2. Specify the variables and setup This will sometimes seem redundant to the previous statement. If so, you can leave it out or minimize it. Like “We calculated bivariate correlations between the total score for self reported drug use, and perception of peer drug use.” This is redundant. You could leave it out.

2. Specify the variables It will not always seem redundant. Like “We entered group membership (experiment or control) as a predictor, and body image rating as a covariate. The dependent variable was ounces of unhealthy snack food consumed.

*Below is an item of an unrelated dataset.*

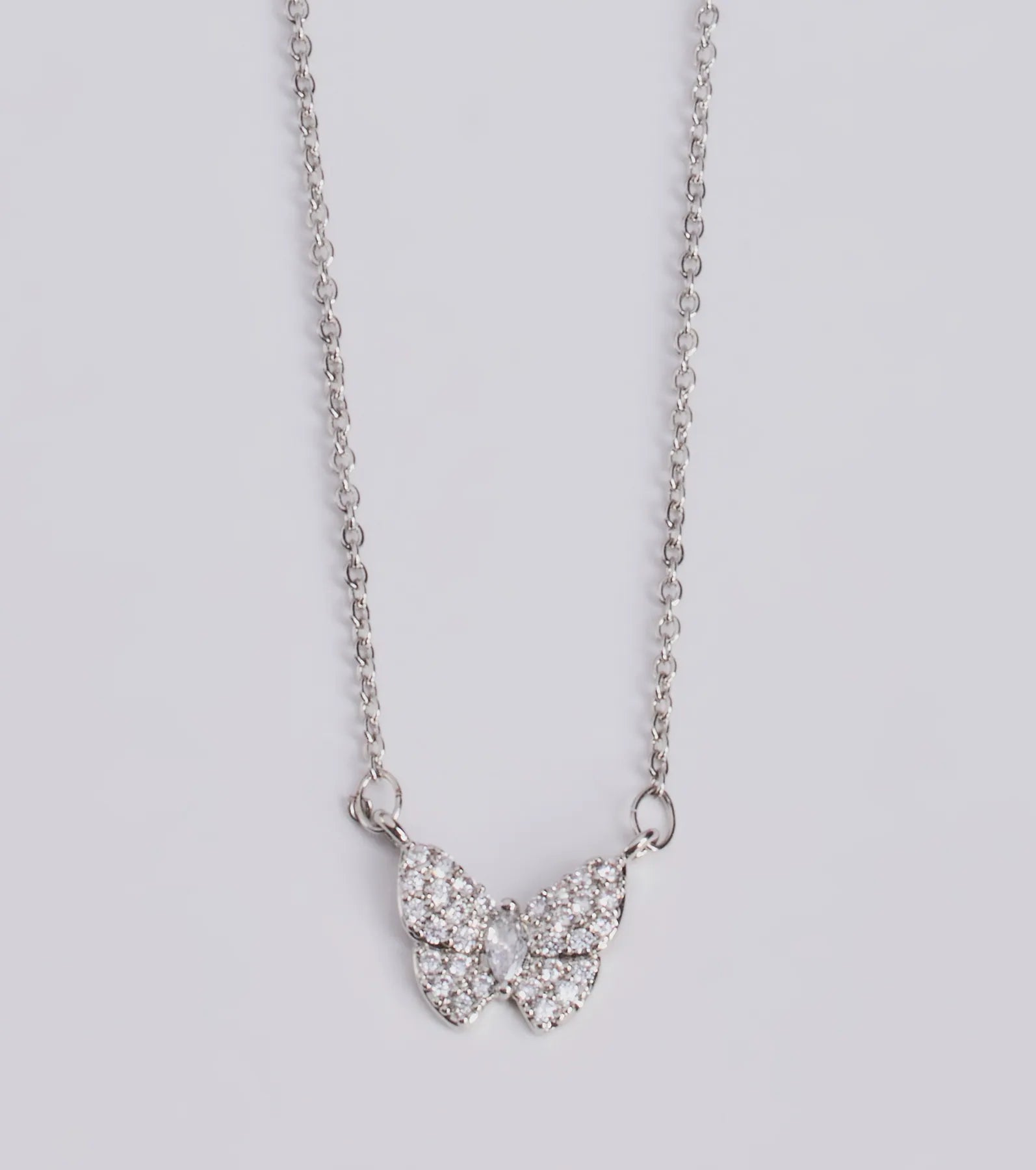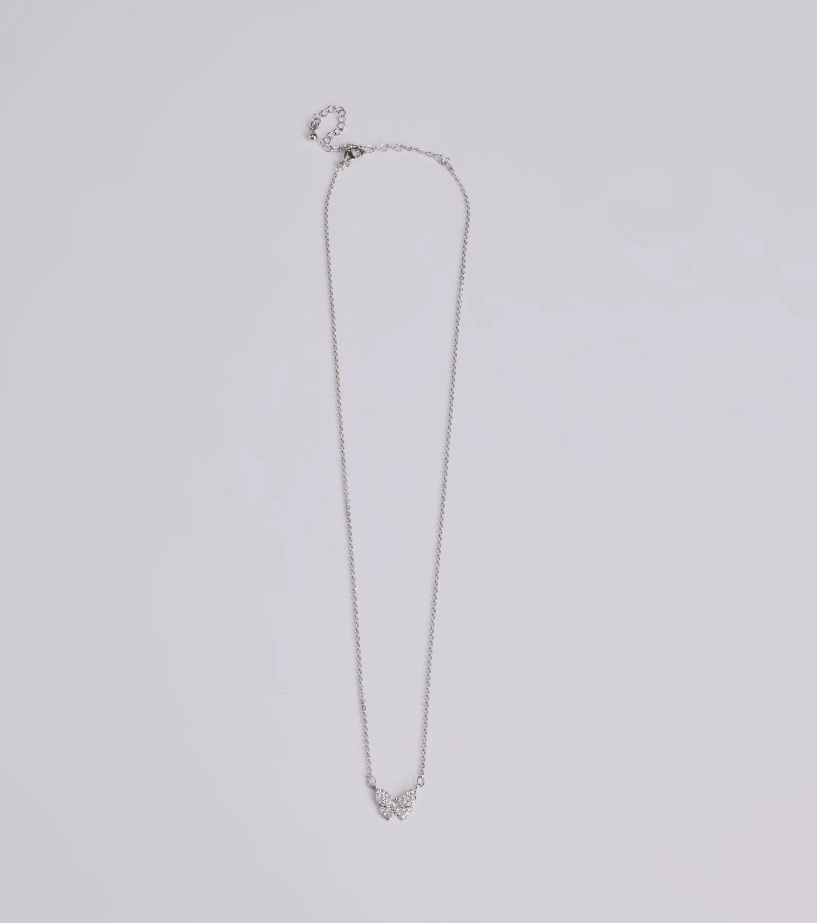 A cute rhinestone butterfly charm necklace that you’ll love pairing with a chic dress or polished trench coat.

2. Specify the variables Sometimes you will have repetition when you are doing analyses that are parallel. Like “We conducted a separate ANCOVA with the same predictor and covariate, and the dependent variable for this analysis was ounces of healthy snack food consumed.” Be sure to specify when the dependent or independent variables change for various analyses, even if they are related

3. Give the numerical and substantive outcome The numbers will depend on your test. You need to include the statistic and the significance (p value, usually). E.g. for a correlation: “self perceived drug use and perception of peer drug use were significantly positively related: r =.14, n=78, p=.04.” Or “Happiness totals and intensity of facebook use were significantly negative correlated: r=-.20, p=.03.”

…numerical and substantive outcome If you are presenting ANOVA, ANCOVA or T tests you will also need to include the degrees of freedom. E.g. “There was a main effect for group membership, such that members of the experimental group were less likely to consume unhealthy snacks: F=3.22 (1, 68), p=.02. Means and standard deviations are presented in Table X.

Numerical and substantive outcome In a real paper you do not report the numbers for non-findings In this paper I would like you to report the numbers for non-findings Also note that statistics such as r, t, F, and p are italicized in apa style.